On June 2, 1966, a hearing was had on the objections before the referee. No stenographic record was made of the evidence. However, a summary of the evidence at this hearing was prepared and signed by the attorneys for all parties and made a part of the record below.

On August 23, 1966, based on the evidence at the hearing, the referee denied a discharge to each bankrupt following entry of findings of fact and conclusions of law.

The referee found, inter alia, that bankrupts' equity in their residential real estate was not less than $2,500. He then found in each case:

"8. Said bankrupts testified that the consideration for said conveyance was $500.00 in cash and the cancellation of said $250.00 indebtedness, but the Court finds that the purpose and intent of both bankrupts in making said conveyance was to secrete and hide assets from claims of creditors and that said action amounted to fraud and deceit as to other creditors."

Based on this finding, a discharge was denied to each bankrupt.

Petitions for review were filed and entertained by the district court.
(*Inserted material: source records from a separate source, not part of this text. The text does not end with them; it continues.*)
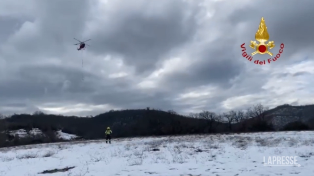 Addestramenti e prove dei vigili del fuoco: ecco le immagini del reparto volo di Arezzo in addestramento a San Cassiano. Svolte simulazioni di trasporto al gancio baricentrico dell’elicottero con radioguida da terra coordinata dagli elisoccorritori e dagli specialisti di bordo.
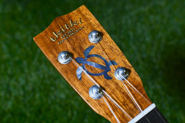 ヘッドにはハワイを代表するウミガメ「ホヌ」のインレイが施されております。
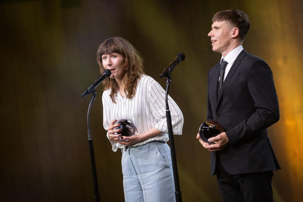 Grete Jürgenson teatriauhindade galal auhinda vastu võtmas. Foto autor: Siim Lõvi (ERR)
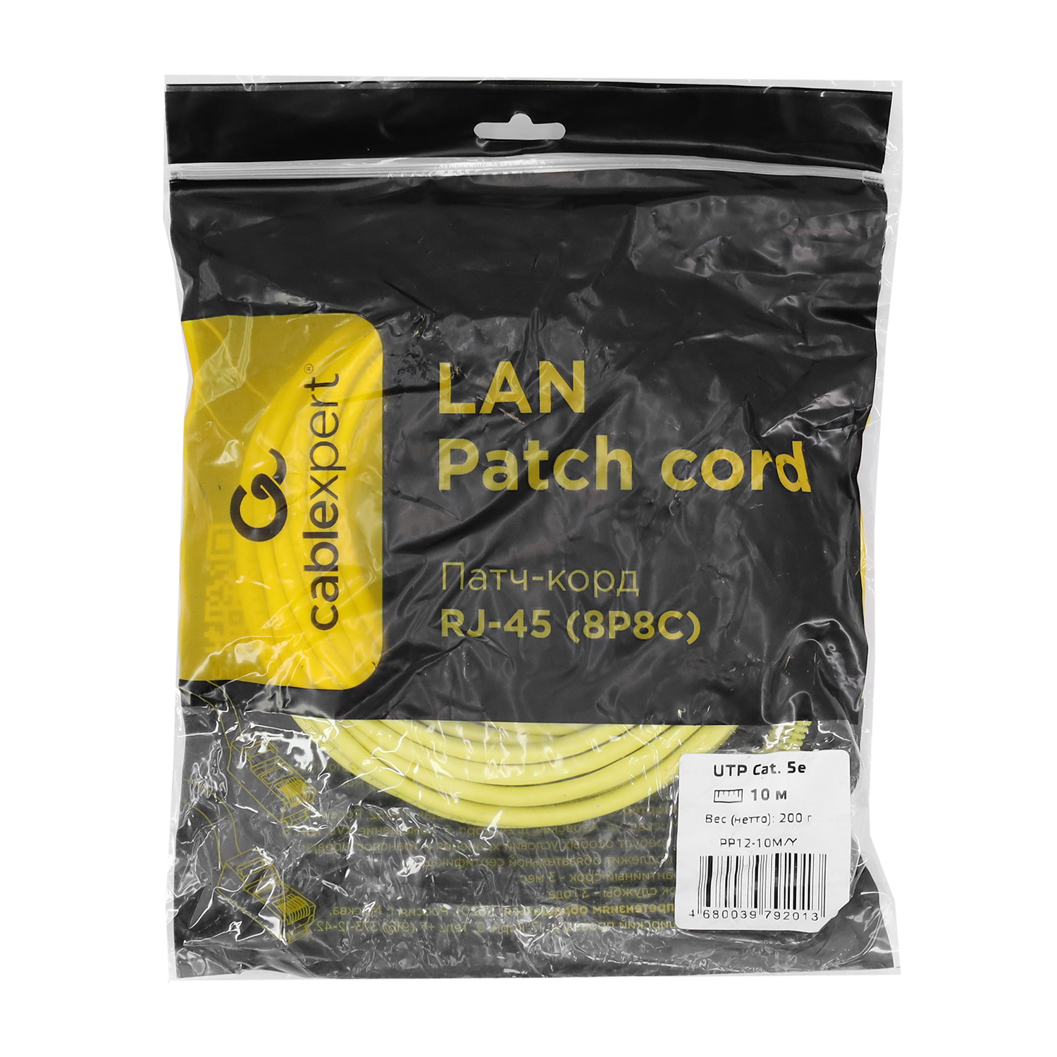 Патч-корд Cablexpert PP12-10M/Y, желтый Cable Patch cord UTP 5e-Cat 10 m

The trial court considered the summary of evidence agreed on, the findings and conclusions of the referee and the respective pleadings and briefs of the parties. No new evidence was adduced. In substance, the court held:

"While this court cannot say that the record is devoid of any evidence that might support a contrary finding by the referee — there is some indication that the real estate was subject to unpaid property taxes and to approximately $400.00 in back mortgage payments, and this would tend to lessen the disparity between the owners\' equity and what they were found to have received therefor — the finding of actual intent to hide and secrete assets is not, on the present record, clearly erroneous. The referee\'s findings, under the particular circumstances of the case, give the court a reasonable indication of the basis upon which his factual conclusions rested and are thus unassailable in that respect. citing cases * * *."
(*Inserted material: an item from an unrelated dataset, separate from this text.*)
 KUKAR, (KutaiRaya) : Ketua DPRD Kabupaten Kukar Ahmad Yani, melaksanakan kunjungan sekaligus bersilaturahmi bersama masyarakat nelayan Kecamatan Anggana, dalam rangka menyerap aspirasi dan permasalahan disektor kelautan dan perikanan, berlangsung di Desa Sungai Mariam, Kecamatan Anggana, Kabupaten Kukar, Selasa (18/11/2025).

After considering all the referee's findings, including Finding 8, supra, the court determined that, under § 14(c) of the Bankruptcy Act,1 it would not disturb such findings and affirmed the referee's denial of discharge on the basis of appellee's objections.

The sole issue before us on this appeal is whether the district court erred in affirming the denial of a discharge in bankruptcy to each bankrupt.

Implicit in the resolution of this primary issue are two underlying questions raised by appellants: (a) does the "clearly erroneous" rule apply in reviewing a finding of the referee that property has been conveyed with intent to defraud creditors, and (2) was the finding of the referee that the home of bankrupts had been conveyed with intent to defraud creditors supported by the evidence.

The evidence on this issue as contained in the summary of evidence filed and in the bankruptcy schedules is indeed brief and largely undisputed.

In their voluntary petitions in bankruptcy, in answer to Question 10 of the Statement of Affairs concerning property transferred within the last year (prior to January, 1966) each bankrupt answered:

"Home at 2400 Roosevelt Street, Lafayette, Indiana, legally described as Lot 123 in Belmont Addition to the City of Lafayette, Indiana; sold in December, 1965, to O. C. Greives, 52 By Pass, Lafayette, Ind., for Five Hundred ($500.00) Dollars plus assumption of mortgage of Seven Thousand Eight Hundred ($7,800.00) Dollars and all back taxes and back mortgage payments. No relation. Money used on bills and to attorney."
"1960 Thunderbird automobile repossessed by Glenn R. Pittman, Inc., 5th & South Streets, Lafayette, Indiana."

In appellee's objection to the discharge, it alleged in substance that on December 23, 1965, bankrupts disposed of their home for $500, when at that time the value of such real estate was at least $11,000, subject to a mortgage of $7,533.64, with a resultant net equity of $3,466.36, and that "it appears that the said bankrupt has undertaken to secrete and hide assets * * * and such conduct herein has been fraudulent and deceitful and in conflict with the provisions of the Federal `Bankruptcy Act.'"

The only witness for appellee, a vice-president of Lafayette Loan & Trust Co., merely testified that on October 25, 1963, when bankrupts borrowed money from appellee, they told him they then owed $8,300 on their home, and also testified concerning the subsequent conveyance to Greives and the current mortgage balance of $7,533.64.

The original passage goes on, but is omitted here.